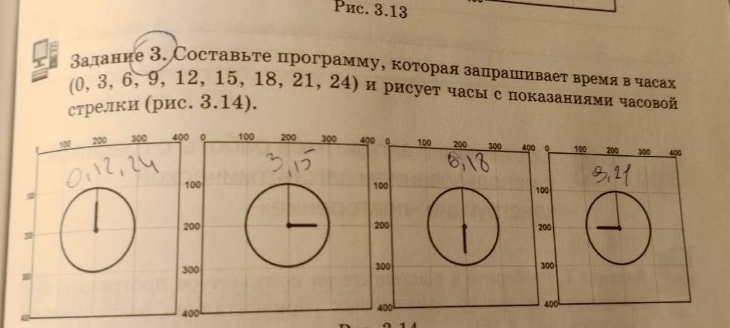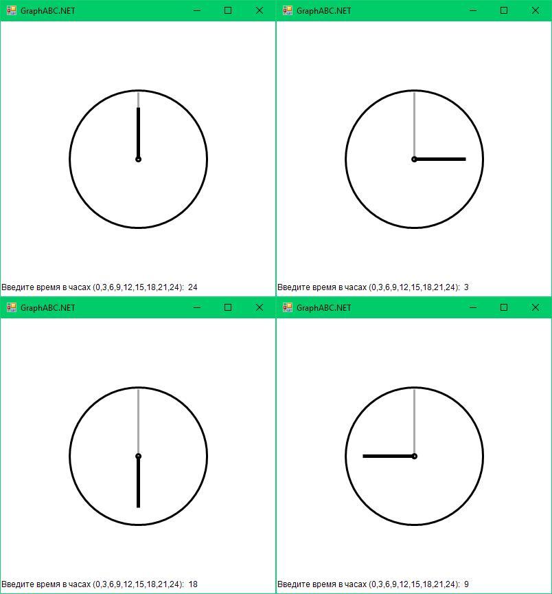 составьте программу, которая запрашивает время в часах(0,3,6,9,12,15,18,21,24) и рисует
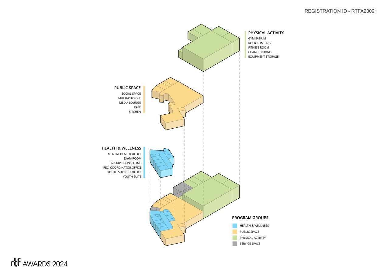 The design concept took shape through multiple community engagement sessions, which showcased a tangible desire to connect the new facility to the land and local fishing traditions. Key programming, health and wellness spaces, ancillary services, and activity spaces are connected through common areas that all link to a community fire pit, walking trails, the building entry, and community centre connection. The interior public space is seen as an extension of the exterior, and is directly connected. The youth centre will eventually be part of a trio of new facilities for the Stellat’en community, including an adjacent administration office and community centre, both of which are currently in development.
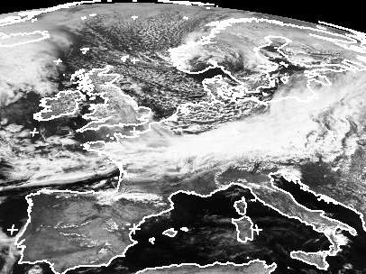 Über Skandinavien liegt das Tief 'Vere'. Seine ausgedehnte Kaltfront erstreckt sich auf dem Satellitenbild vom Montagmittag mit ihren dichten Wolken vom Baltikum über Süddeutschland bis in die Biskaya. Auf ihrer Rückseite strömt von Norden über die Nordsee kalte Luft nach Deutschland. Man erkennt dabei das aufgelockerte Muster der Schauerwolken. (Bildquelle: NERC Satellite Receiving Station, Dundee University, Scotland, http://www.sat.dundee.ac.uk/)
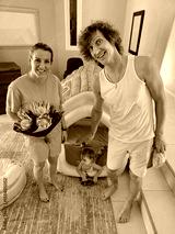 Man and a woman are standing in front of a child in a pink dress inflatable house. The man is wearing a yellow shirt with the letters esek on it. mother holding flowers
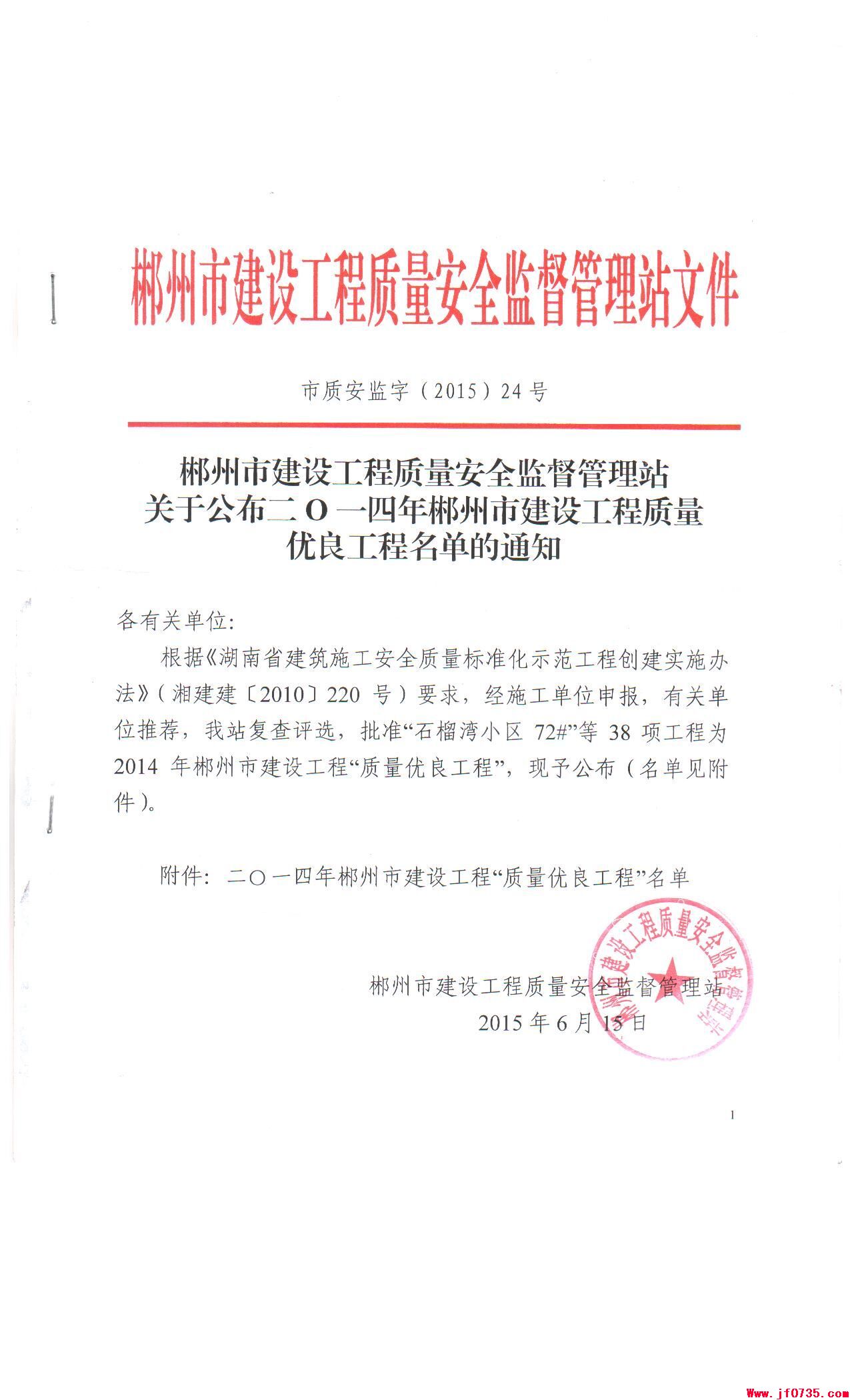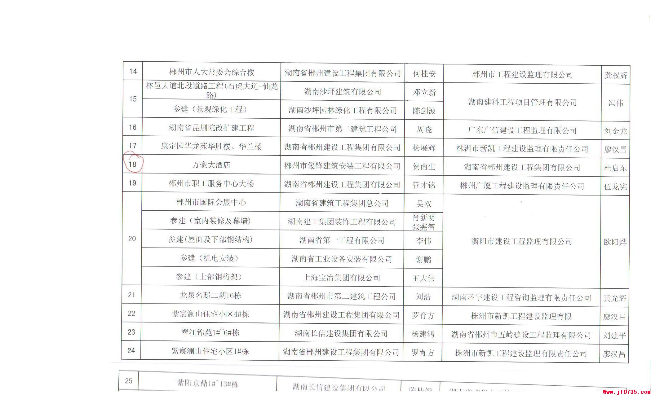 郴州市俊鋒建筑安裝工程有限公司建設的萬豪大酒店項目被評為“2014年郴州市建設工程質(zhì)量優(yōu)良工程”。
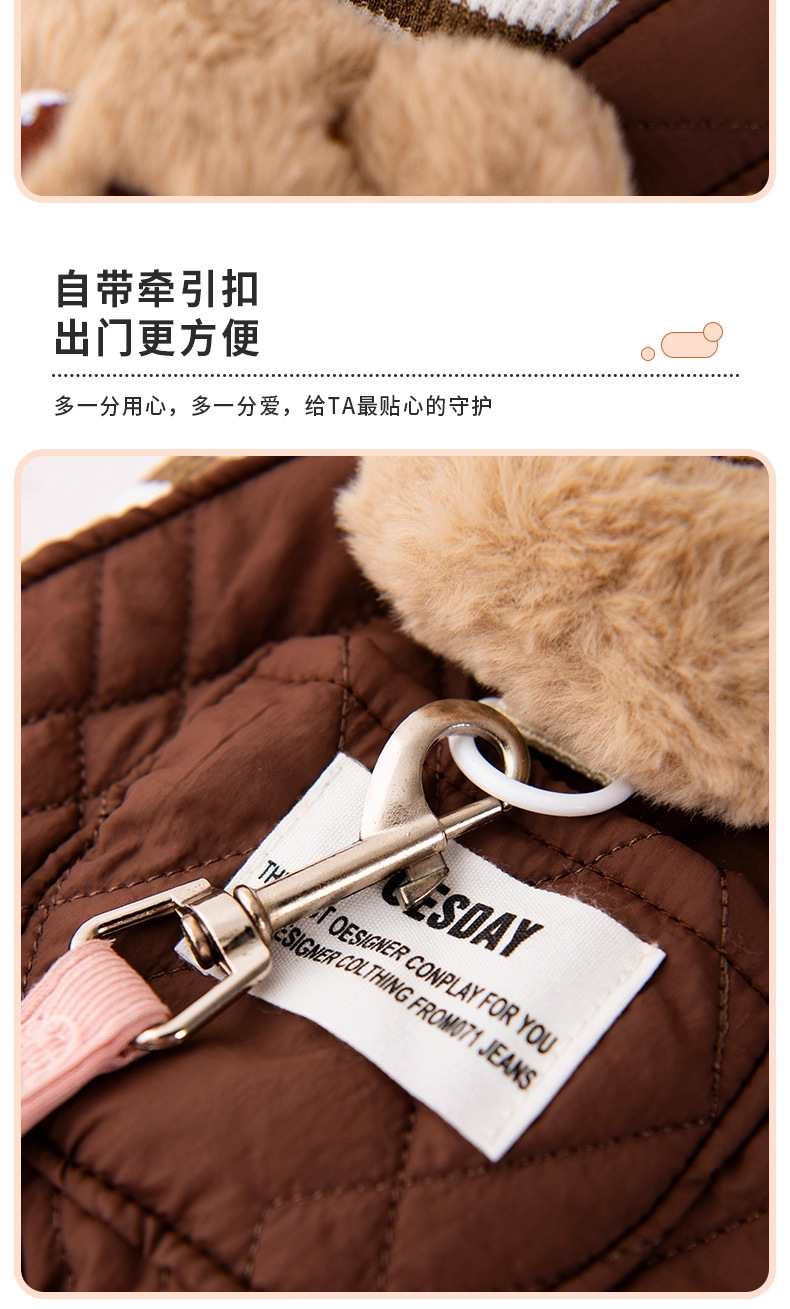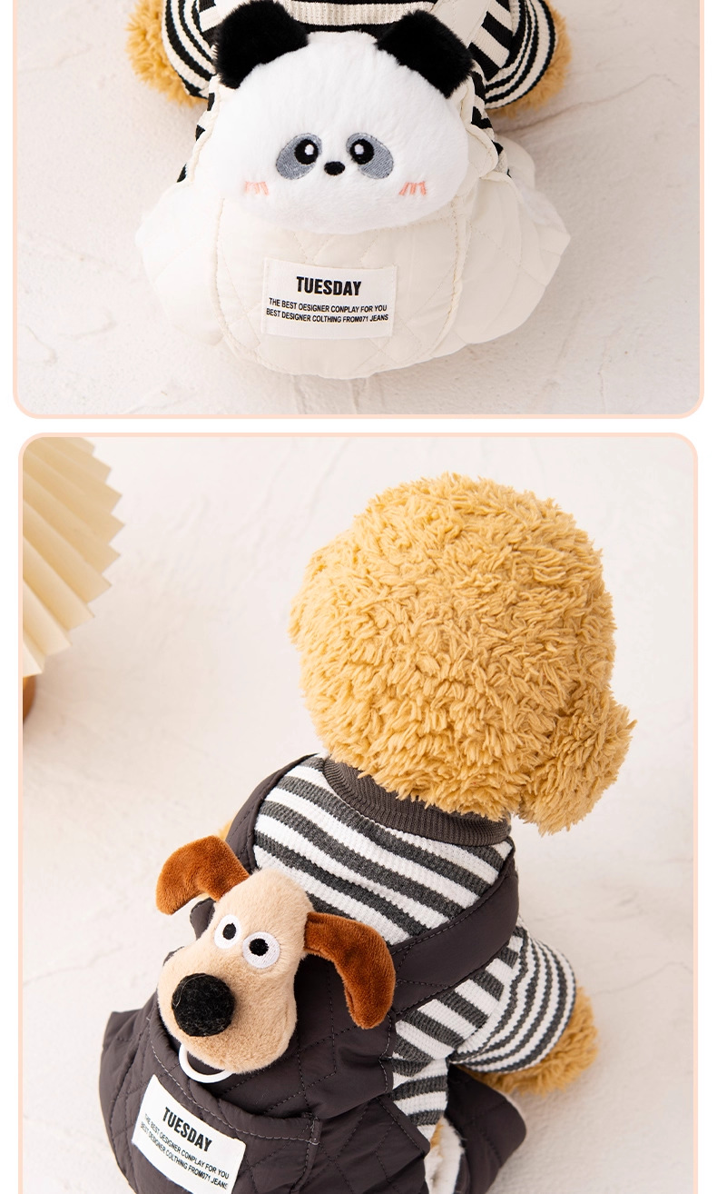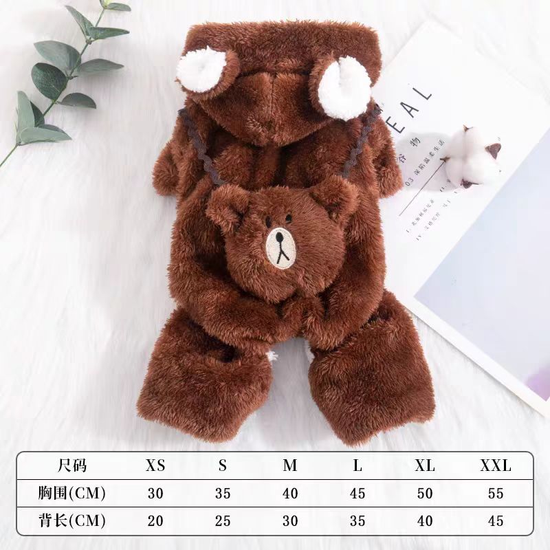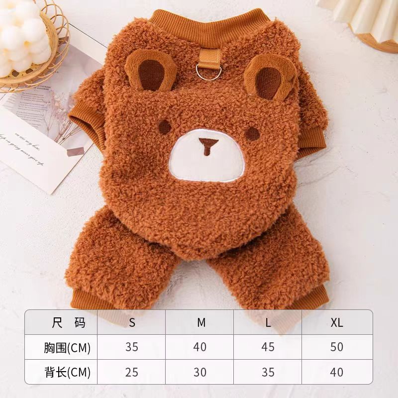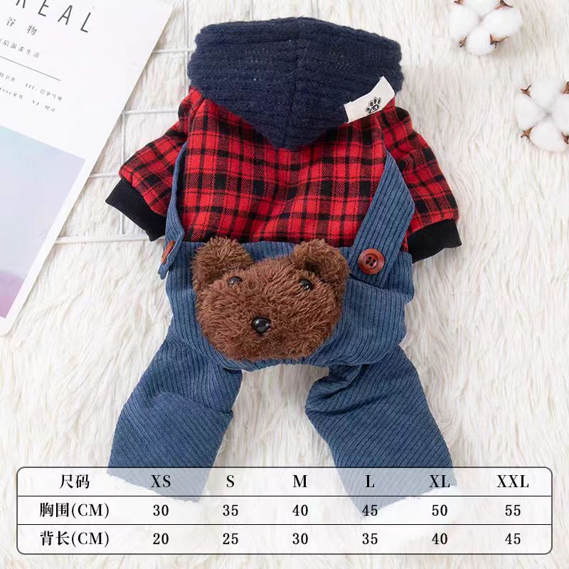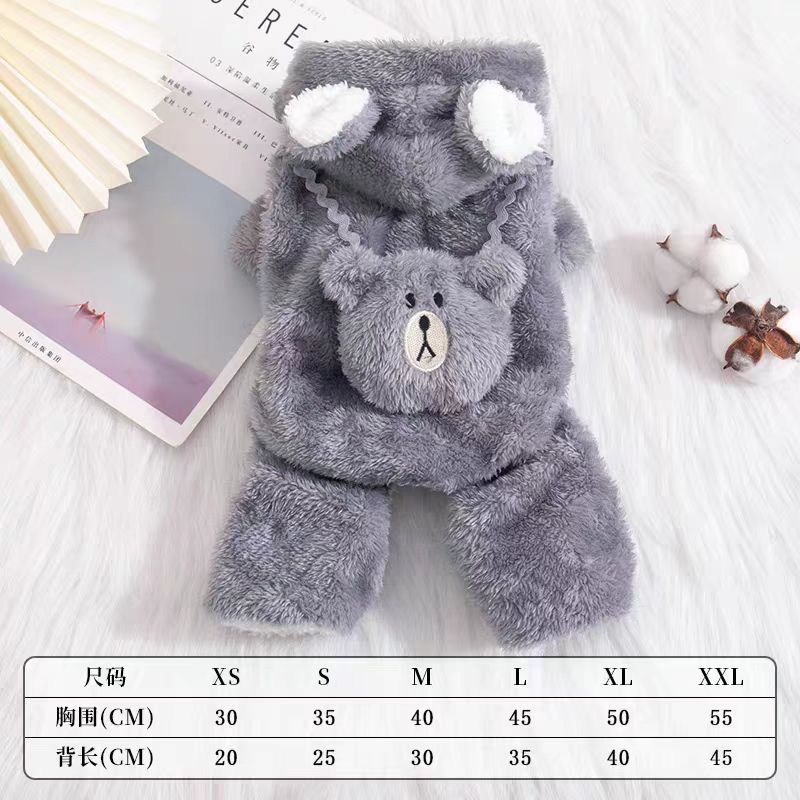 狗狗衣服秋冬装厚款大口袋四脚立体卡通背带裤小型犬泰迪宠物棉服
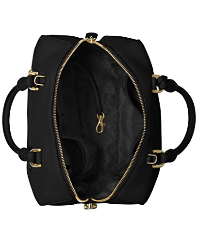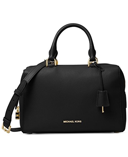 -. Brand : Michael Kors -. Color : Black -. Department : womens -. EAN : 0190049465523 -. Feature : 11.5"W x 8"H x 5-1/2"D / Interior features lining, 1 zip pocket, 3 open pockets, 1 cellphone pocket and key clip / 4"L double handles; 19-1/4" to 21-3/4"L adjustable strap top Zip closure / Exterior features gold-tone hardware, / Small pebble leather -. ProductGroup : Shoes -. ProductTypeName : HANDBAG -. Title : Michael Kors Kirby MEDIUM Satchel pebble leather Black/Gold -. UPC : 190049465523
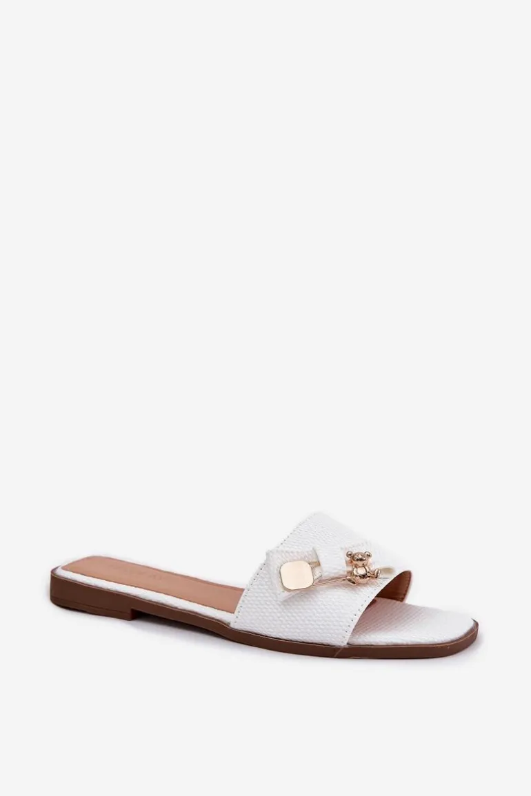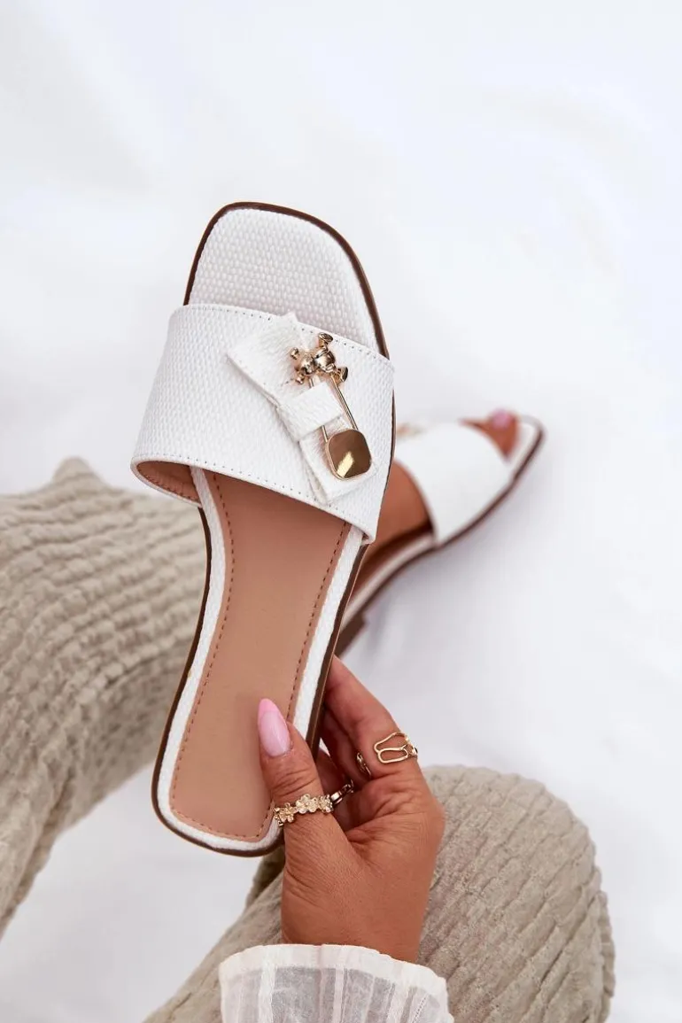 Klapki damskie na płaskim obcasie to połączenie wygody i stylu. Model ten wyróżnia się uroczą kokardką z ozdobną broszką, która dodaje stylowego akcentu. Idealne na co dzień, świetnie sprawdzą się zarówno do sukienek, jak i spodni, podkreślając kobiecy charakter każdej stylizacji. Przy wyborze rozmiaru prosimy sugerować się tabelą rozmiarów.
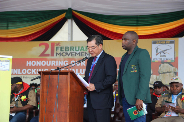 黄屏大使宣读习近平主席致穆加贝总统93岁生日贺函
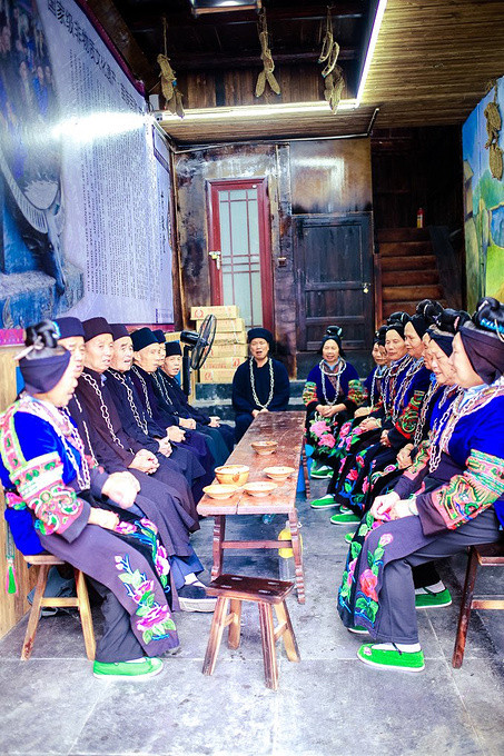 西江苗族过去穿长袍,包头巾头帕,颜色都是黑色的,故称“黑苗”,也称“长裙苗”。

> Assignment
Your answer should consist of the lines above between those holding "狗狗衣服秋冬装厚款大口袋四脚立体卡通背带裤小型犬泰迪宠物棉服" and "-. Brand : Michael", inclusive, reproduced word for word and without pictures.

> Output for this exercise
 狗狗衣服秋冬装厚款大口袋四脚立体卡通背带裤小型犬泰迪宠物棉服
 -. Brand : Michael Kors -. Color : Black -. Department : womens -. EAN : 0190049465523 -. Feature : 11.5"W x 8"H x 5-1/2"D / Interior features lining, 1 zip pocket, 3 open pockets, 1 cellphone pocket and key clip / 4"L double handles; 19-1/4" to 21-3/4"L adjustable strap top Zip closure / Exterior features gold-tone hardware, / Small pebble leather -. ProductGroup : Shoes -. ProductTypeName : HANDBAG -. Title : Michael Kors Kirby MEDIUM Satchel pebble leather Black/Gold -. UPC : 190049465523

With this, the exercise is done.